(Task statement) With the pictures left out, restate exactly the part below that opens with the line containing "For the first" and closes with the line containing "Это интересно:Несмотря на".

##### Information

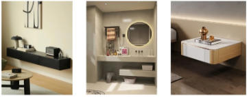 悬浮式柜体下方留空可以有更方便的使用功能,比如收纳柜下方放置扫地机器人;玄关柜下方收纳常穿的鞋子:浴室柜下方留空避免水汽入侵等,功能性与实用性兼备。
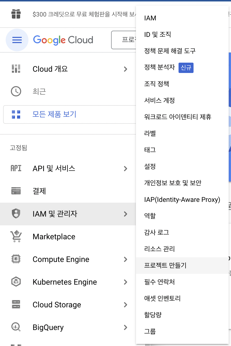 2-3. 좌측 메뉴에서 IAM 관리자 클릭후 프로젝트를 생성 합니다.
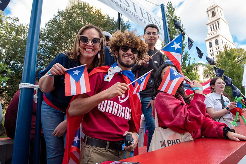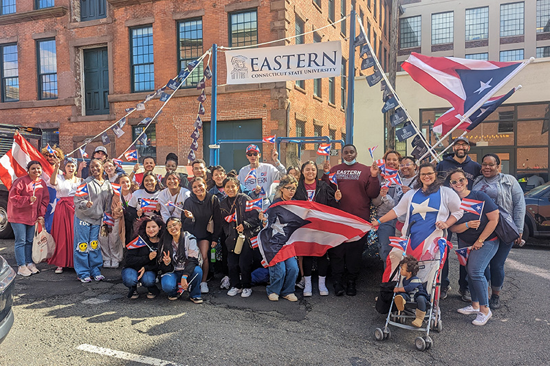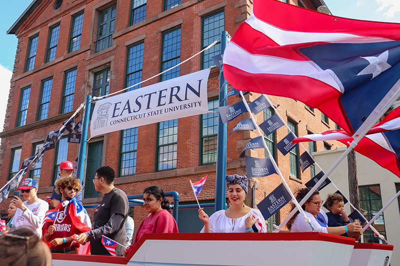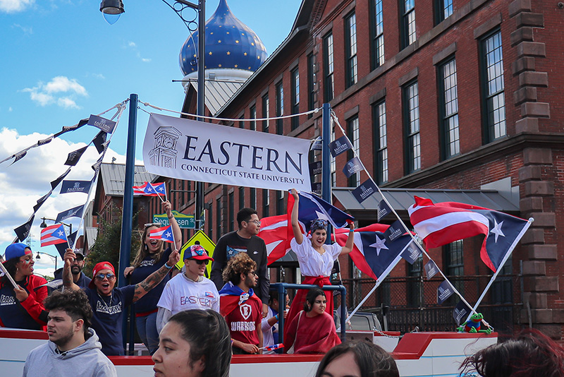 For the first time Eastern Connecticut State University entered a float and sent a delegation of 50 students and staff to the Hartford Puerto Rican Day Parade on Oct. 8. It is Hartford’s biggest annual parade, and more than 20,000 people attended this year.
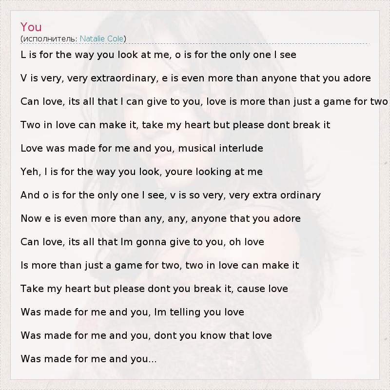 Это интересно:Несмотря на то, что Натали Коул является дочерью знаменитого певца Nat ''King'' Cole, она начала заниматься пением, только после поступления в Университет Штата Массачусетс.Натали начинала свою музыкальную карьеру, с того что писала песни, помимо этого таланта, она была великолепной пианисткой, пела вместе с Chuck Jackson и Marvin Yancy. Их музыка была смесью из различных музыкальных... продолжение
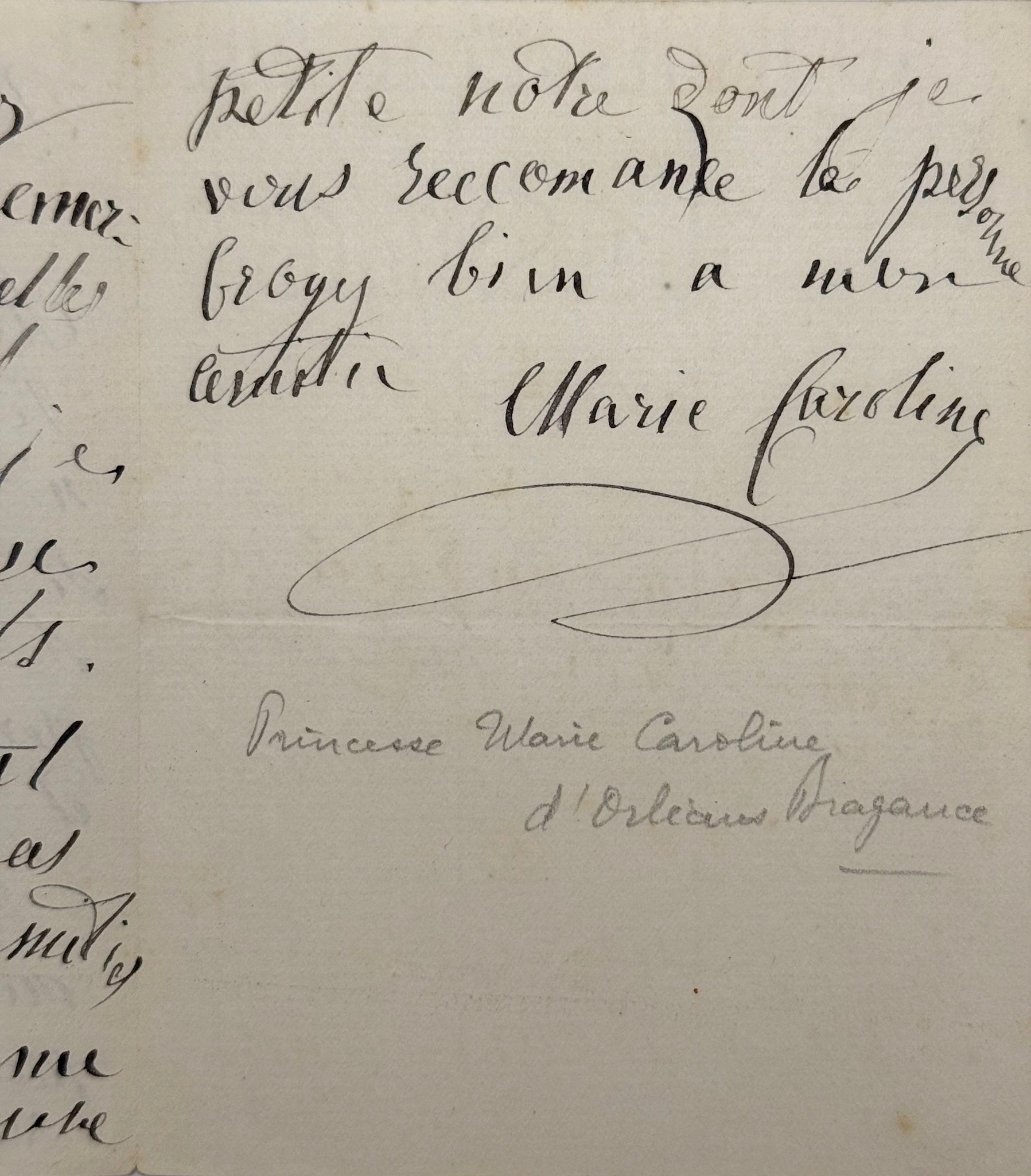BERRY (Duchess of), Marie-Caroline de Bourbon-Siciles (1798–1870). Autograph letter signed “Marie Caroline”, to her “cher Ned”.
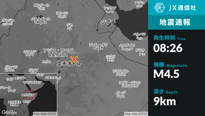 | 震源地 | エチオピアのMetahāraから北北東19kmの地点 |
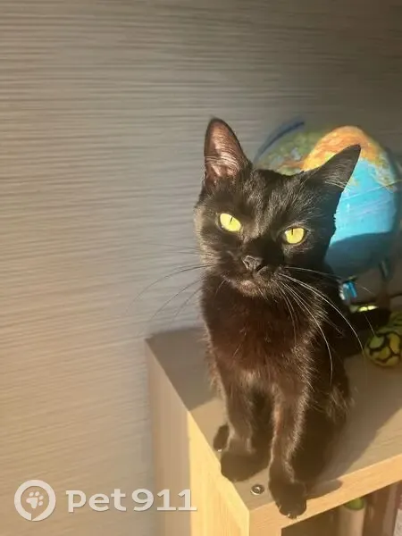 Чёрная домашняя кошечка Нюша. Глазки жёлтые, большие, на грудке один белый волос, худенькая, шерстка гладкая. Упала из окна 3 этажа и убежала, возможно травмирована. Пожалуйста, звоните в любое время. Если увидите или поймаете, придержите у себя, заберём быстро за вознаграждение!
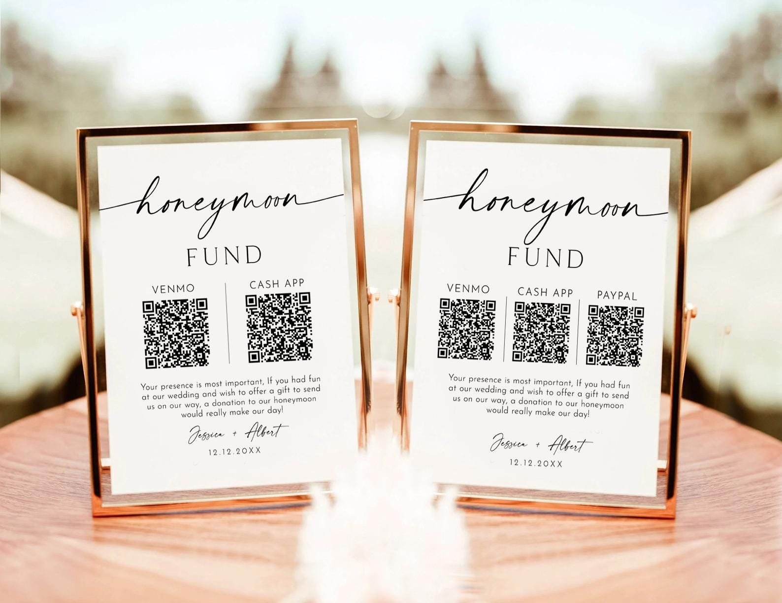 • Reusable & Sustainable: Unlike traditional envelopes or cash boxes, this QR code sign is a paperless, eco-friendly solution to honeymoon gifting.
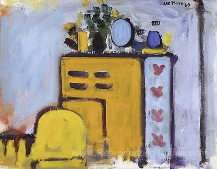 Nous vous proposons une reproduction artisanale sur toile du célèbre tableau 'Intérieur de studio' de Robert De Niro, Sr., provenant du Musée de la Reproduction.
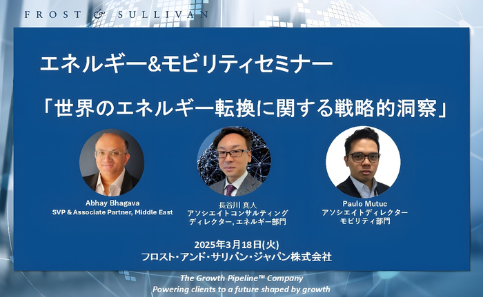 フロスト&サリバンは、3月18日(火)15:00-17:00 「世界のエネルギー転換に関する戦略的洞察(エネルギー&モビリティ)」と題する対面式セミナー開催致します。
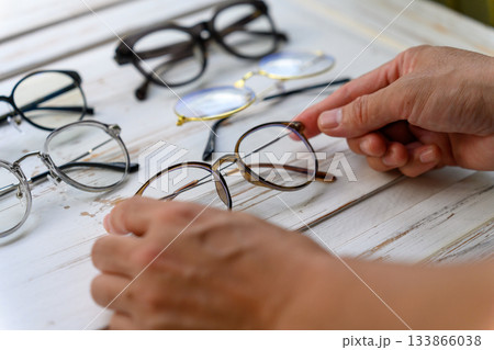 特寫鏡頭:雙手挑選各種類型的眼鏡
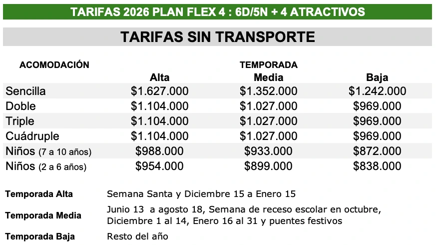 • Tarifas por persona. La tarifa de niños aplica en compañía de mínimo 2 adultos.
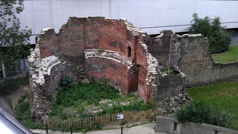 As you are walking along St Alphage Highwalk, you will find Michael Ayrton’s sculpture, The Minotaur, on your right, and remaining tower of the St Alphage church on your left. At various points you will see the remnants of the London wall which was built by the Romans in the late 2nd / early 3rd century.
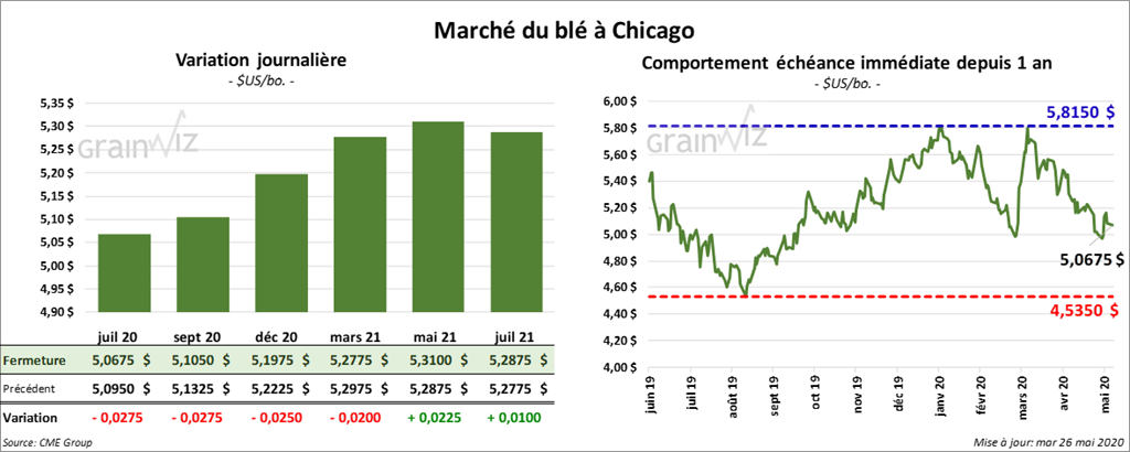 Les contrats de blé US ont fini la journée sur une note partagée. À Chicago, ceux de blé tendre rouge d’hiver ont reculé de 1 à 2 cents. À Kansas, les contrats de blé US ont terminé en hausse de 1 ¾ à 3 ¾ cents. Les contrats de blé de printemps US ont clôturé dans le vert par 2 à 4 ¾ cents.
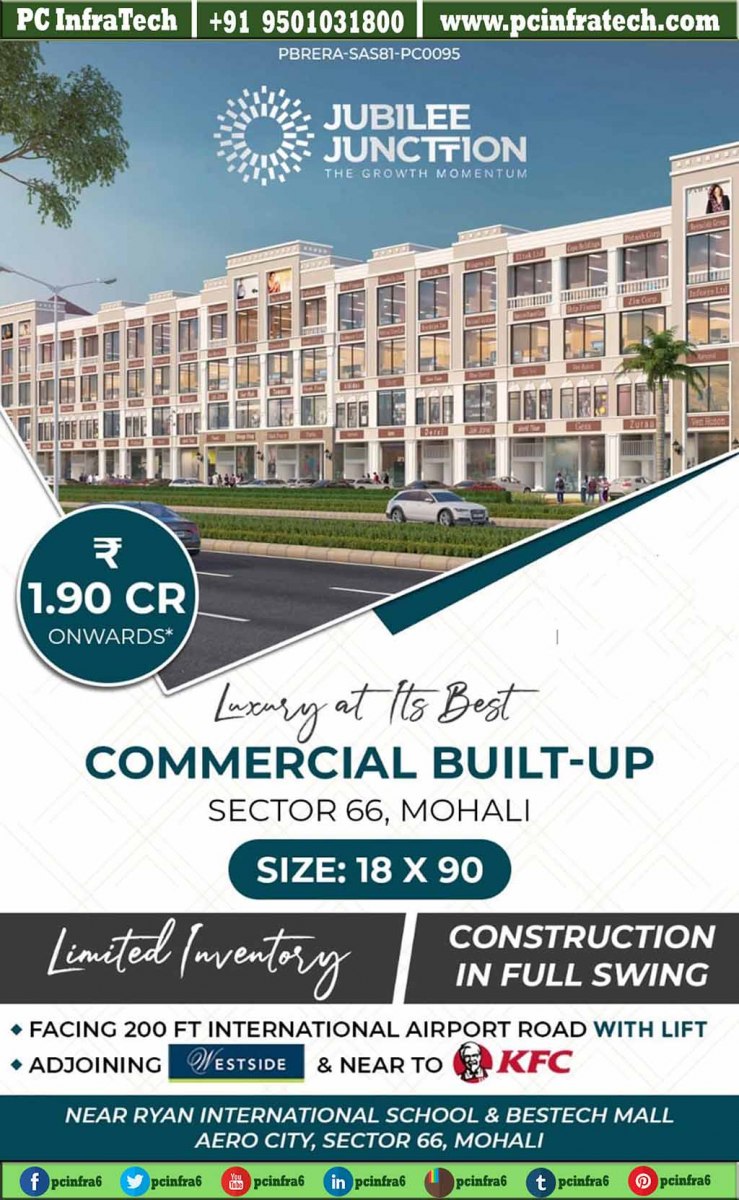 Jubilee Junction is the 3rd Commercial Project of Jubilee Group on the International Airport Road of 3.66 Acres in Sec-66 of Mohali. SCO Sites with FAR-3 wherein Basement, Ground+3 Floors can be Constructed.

##########

(Completed task)
 For the first time Eastern Connecticut State University entered a float and sent a delegation of 50 students and staff to the Hartford Puerto Rican Day Parade on Oct. 8. It is Hartford’s biggest annual parade, and more than 20,000 people attended this year.
 Это интересно:Несмотря на то, что Натали Коул является дочерью знаменитого певца Nat ''King'' Cole, она начала заниматься пением, только после поступления в Университет Штата Массачусетс.Натали начинала свою музыкальную карьеру, с того что писала песни, помимо этого таланта, она была великолепной пианисткой, пела вместе с Chuck Jackson и Marvin Yancy. Их музыка была смесью из различных музыкальных... продолжение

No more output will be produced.